J'ai lu l'admirable ouvrage de Jean-Marie Muller avec d'autant plus de satisfaction que, depuis plus d'un demi-siècle que j'écris et que j'ai mesuré l'absurdité et l'horreur des inutiles égorgements dont tant d'hommes ont tiré leur gloire, depuis tant d'années que me poursuit la peur de la guerre, j'ai cent fois eu envie de m'atteler à une vie de Gandhi. Si j'y ai cent fois renoncé, c'est que je n'ai pas osé. La crainte de mal faire. De n'être pas digne d'un tel modèle.

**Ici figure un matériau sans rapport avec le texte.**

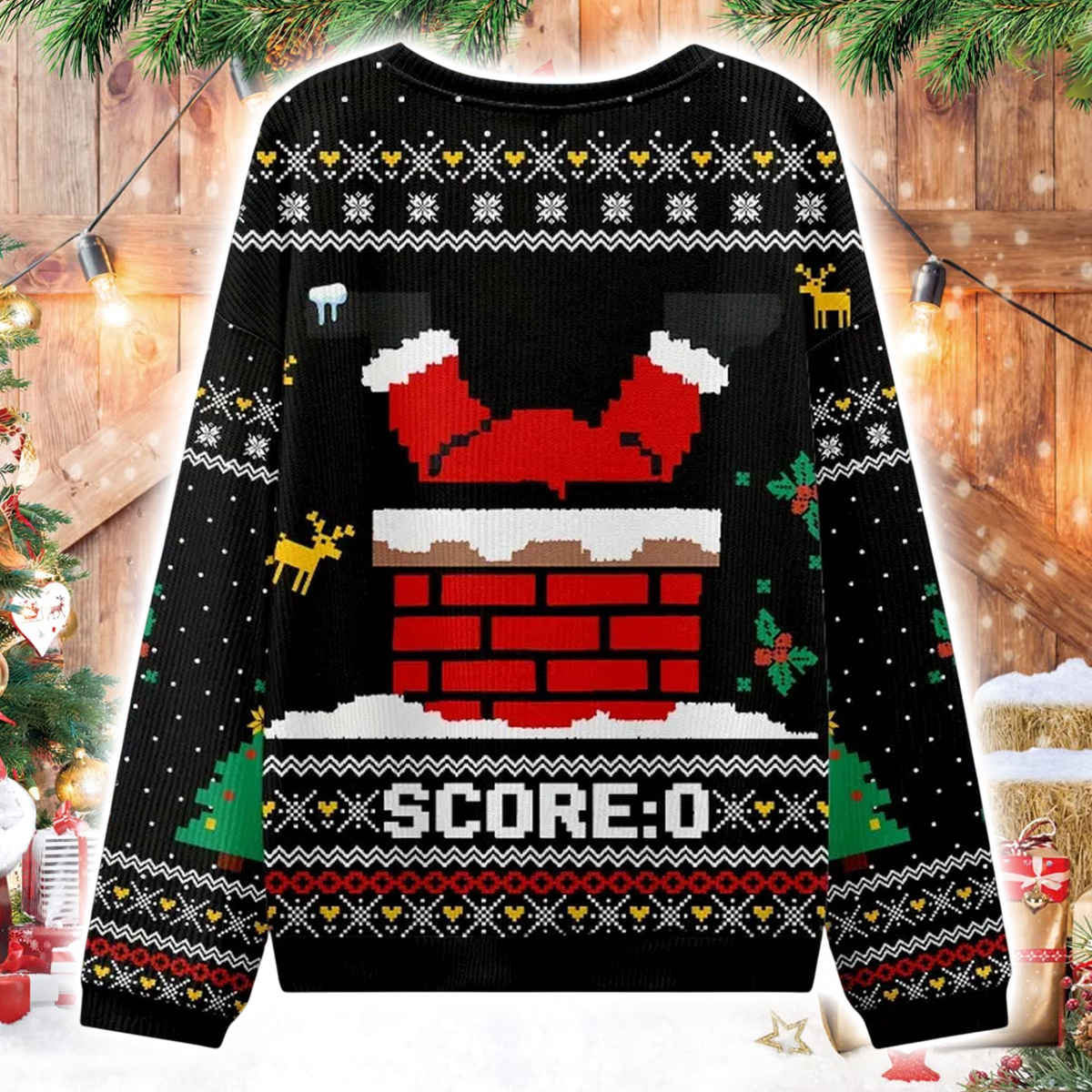 At the heart of the design, you’ll find Santa in a humorous predicamentlegs flailing as he tumbles down the chimney. Above him, the bold red “GAME OVER” text gives the sweater a playful, video game-inspired twist. Below, “SCORE 0” humorously highlights Santa’s not-so-successful rooftop landing, adding an extra layer of fun for gamers and holiday lovers alike.

Le Gandhi de Jean-Marie Muller nous parvient à un moment où tous les esprits éclairés, tous les êtres qui ont une conscience devraient se lever pour répéter sans cesse ce mot du Mahatma où est exprimé l'essentiel : « La violence est un suicide. »
Aujourd'hui, les apprentis sorciers que sont certains savants à la solde des marchands d'armes et des gouvernants ont mis au point le moyen de pulvériser la planète. L'humanité n'a d'espoir d'être sauvée que si elle admet enfin que sa seule chance de survie réside dans le refus absolu de toute violence.

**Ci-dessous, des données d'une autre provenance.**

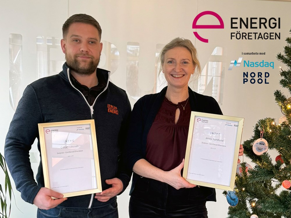 För att ytterligare stärka vår kompetens inom elhandel har marknadschef Jenny Nordlund och elhandelsäljare Oskar Isaksson genomfört Energiföretagens utbildningsprogram och erhållit certifieringen Certified Electricity Trader. Det ger oss ännu mer specialistkunskap och fördjupad förståelse för elmarknaden – och därmed bättre förutsättningar att förklara och informera om marknadens utveckling.

Non seulement il faut lire ce livre, mais en méditer l'enseignement et le faire lire dans les écoles où se forment les hommes de demain. Ces enfants qu'on tient dans l'ignorance du désastre qui les attend, ces enfants à qui on enseigne que la guerre est une fatalité et qu'elle leur donnera l'occasion d'être grands.
                                                           Bernard Clavel

alt=Description de cette image, également commentée ci-après  Jean-Marie Muller en 1991 

Gandhi
n'est pas seulement pour nous le guide héroïque de son peuple immense, qui revendique sa liberté - et qui la prendra. Il est la lumière la plus sûre, la plus pure qui brille au sombre ciel de notre temps.

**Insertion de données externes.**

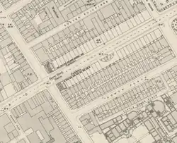 In 1864, Parliament authorised the North Western and Charing Cross Railway to construct a line to connect the mainline stations at Euston and Charing Cross. This would have connected to the MR to the west of Gower Street, but the company was unable to raise funds.[13] A revised scheme under the name of the London Central Railway (LCR) was approved in 1871. The proposals included an interchange at Gower Street with the LCR's platforms north of and parallel to the MR's.[14] LCR branches would have connected from east of Gower Street to Euston and St Pancras stations. As before, the LCR was unable to raise funding and the scheme was abandoned in 1874.[15]

Dans les tempêtes où le vaisseau croulant de notre civilisation menace de se perdre corps et biens, il est l'étoile qui nous montre la route - la seule route qui nous reste ouverte vers le salut. Cette route est en nous. Elle est la suprême énergie. Elle est la Non-Acceptation héroïque. Elle est le refus dressé par l'âme fière contre l'injustice et la violence. Elle est la révolution de l'Esprit.
Cette Révolution n'oppose pas entre elles les races, les classes, les nations, les religions. Elle les unit. Elle éveille en chacun des hommes le feu profond de l'Ame Unique, qui a fait surgir l'humanité du néant, où sa frénésie aspire à la faire rentrer.                                                                      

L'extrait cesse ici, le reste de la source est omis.